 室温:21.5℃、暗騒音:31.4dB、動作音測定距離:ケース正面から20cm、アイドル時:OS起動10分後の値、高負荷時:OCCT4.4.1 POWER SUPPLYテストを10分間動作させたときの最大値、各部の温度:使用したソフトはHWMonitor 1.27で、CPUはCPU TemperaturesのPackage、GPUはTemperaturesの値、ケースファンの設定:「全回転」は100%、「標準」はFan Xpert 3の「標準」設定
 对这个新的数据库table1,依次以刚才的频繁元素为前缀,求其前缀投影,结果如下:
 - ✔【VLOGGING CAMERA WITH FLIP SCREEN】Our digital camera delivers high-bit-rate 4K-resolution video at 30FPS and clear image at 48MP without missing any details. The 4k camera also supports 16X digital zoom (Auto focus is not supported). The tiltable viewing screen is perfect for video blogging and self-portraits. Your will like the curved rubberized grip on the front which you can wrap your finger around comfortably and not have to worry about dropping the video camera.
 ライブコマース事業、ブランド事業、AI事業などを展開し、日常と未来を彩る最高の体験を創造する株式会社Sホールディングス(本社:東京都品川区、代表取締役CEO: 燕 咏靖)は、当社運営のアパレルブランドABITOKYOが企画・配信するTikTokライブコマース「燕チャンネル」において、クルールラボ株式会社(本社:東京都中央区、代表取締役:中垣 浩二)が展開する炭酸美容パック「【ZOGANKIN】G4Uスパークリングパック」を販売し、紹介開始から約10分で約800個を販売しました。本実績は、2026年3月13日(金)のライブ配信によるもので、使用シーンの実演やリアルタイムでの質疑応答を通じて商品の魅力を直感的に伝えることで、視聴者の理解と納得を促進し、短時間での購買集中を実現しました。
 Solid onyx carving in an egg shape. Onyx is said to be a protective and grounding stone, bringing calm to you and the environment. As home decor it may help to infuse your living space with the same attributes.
...
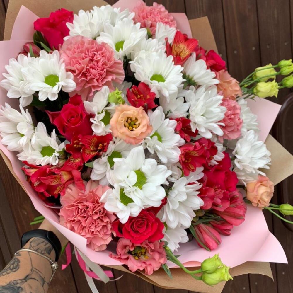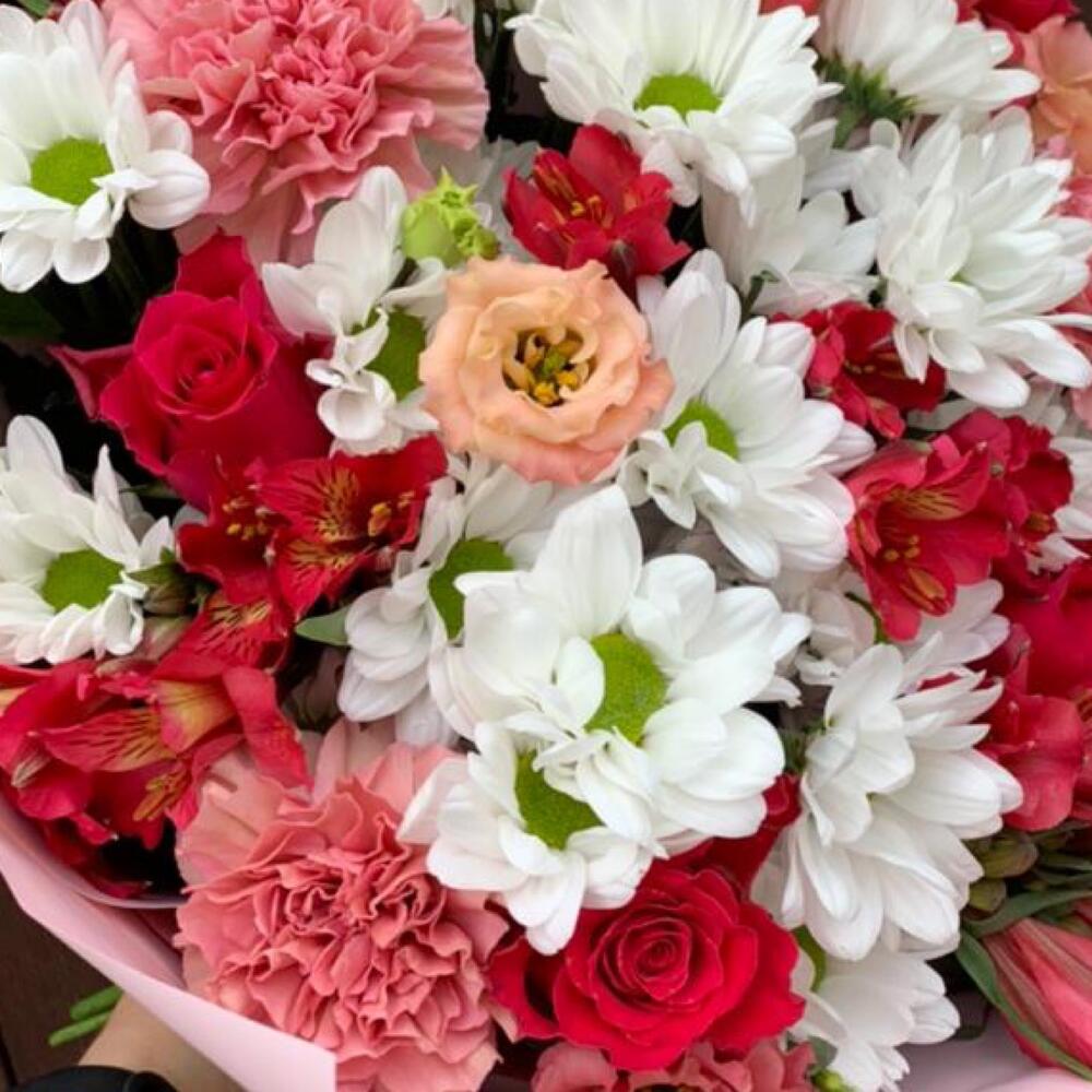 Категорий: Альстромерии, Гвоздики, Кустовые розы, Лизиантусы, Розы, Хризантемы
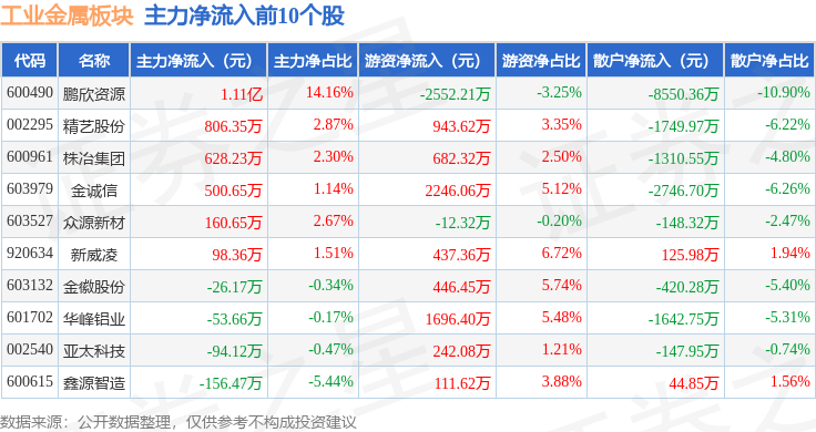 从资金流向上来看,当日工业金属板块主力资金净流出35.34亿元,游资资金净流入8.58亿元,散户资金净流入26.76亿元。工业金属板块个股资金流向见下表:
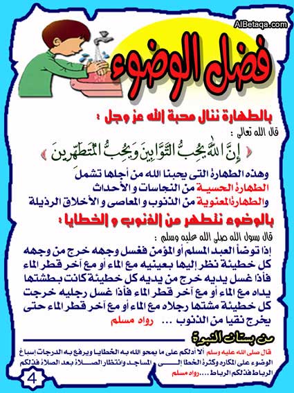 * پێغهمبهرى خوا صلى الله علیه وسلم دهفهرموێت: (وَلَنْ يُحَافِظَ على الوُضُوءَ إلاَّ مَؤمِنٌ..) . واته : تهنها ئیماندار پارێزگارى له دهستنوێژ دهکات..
...
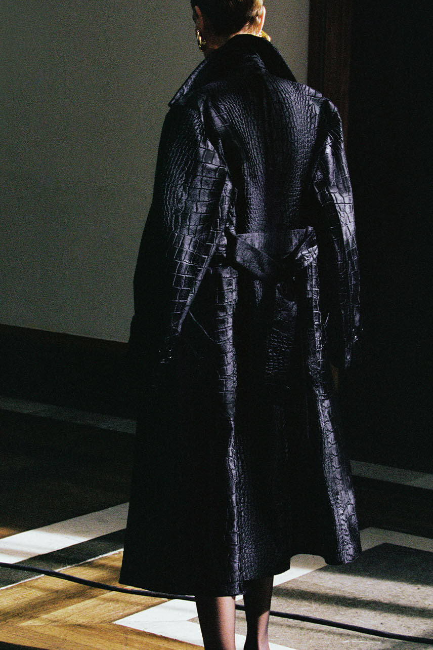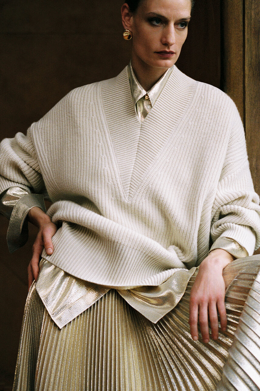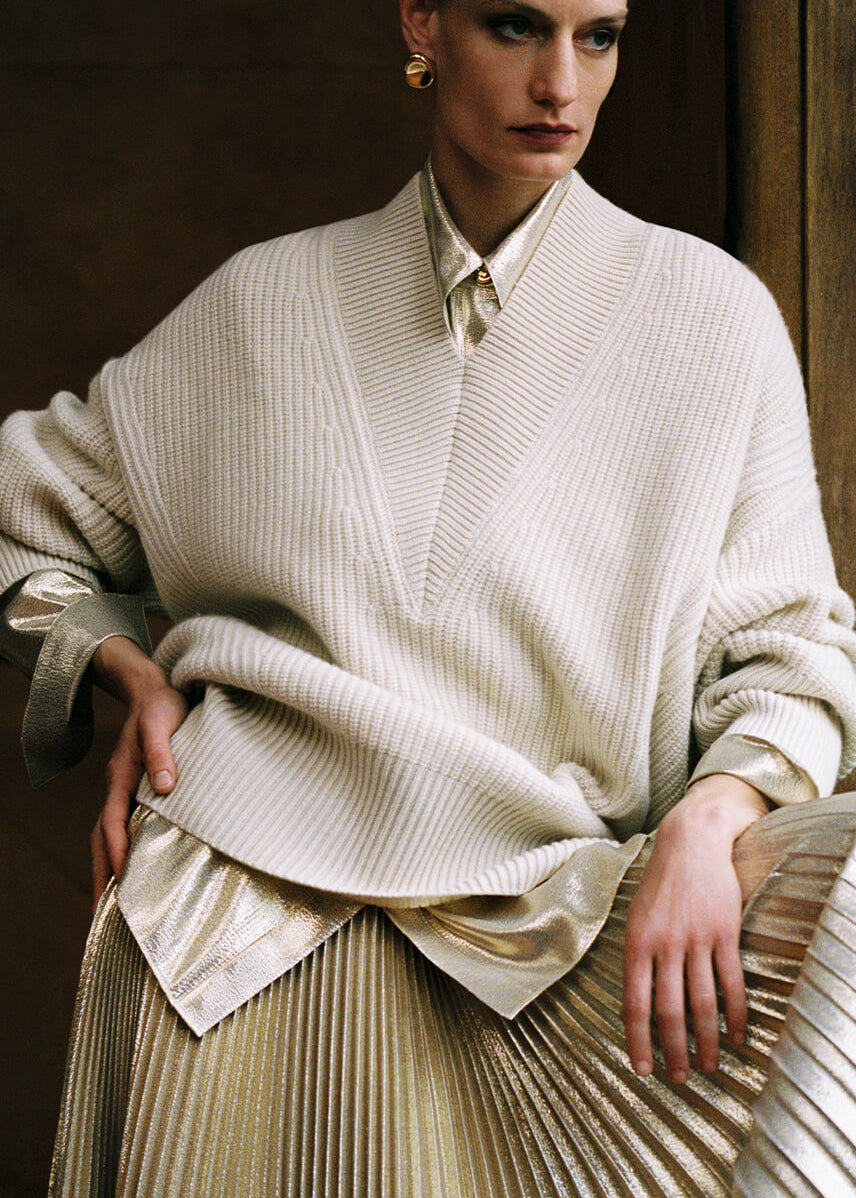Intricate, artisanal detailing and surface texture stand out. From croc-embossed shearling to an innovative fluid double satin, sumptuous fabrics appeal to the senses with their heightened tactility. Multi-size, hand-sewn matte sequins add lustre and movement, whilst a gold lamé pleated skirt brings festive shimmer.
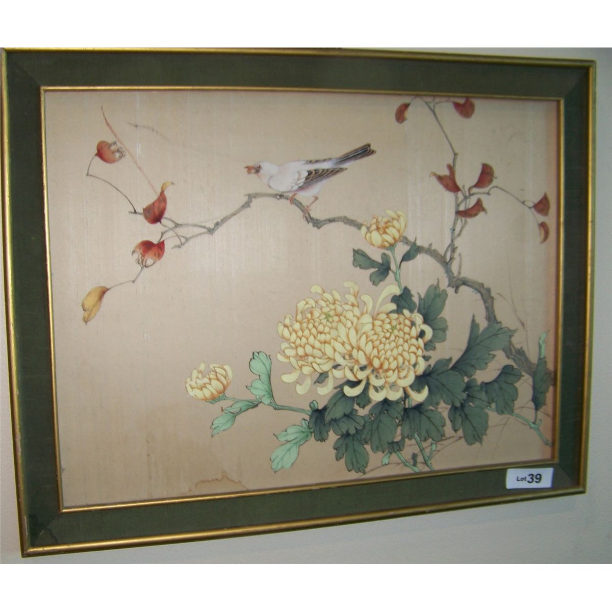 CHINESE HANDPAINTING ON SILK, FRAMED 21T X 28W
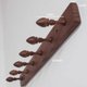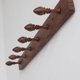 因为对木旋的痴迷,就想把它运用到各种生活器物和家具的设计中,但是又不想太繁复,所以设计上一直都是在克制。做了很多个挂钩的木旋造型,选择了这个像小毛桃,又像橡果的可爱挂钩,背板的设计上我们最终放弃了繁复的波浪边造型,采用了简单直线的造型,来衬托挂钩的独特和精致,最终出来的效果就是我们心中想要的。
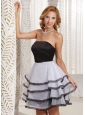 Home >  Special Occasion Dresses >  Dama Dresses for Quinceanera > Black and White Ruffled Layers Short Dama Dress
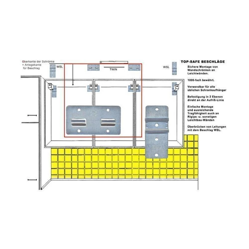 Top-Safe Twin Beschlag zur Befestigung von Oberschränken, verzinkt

To do: Using the data above, retype exactly and only the lines from the one containing "因为对木旋的痴迷,就想把它运" up to and including the one containing "Top-Safe Twin Beschlag", with no pictures carried over.

Exercise output:
 因为对木旋的痴迷,就想把它运用到各种生活器物和家具的设计中,但是又不想太繁复,所以设计上一直都是在克制。做了很多个挂钩的木旋造型,选择了这个像小毛桃,又像橡果的可爱挂钩,背板的设计上我们最终放弃了繁复的波浪边造型,采用了简单直线的造型,来衬托挂钩的独特和精致,最终出来的效果就是我们心中想要的。
 Home >  Special Occasion Dresses >  Dama Dresses for Quinceanera > Black and White Ruffled Layers Short Dama Dress
 Top-Safe Twin Beschlag zur Befestigung von Oberschränken, verzinkt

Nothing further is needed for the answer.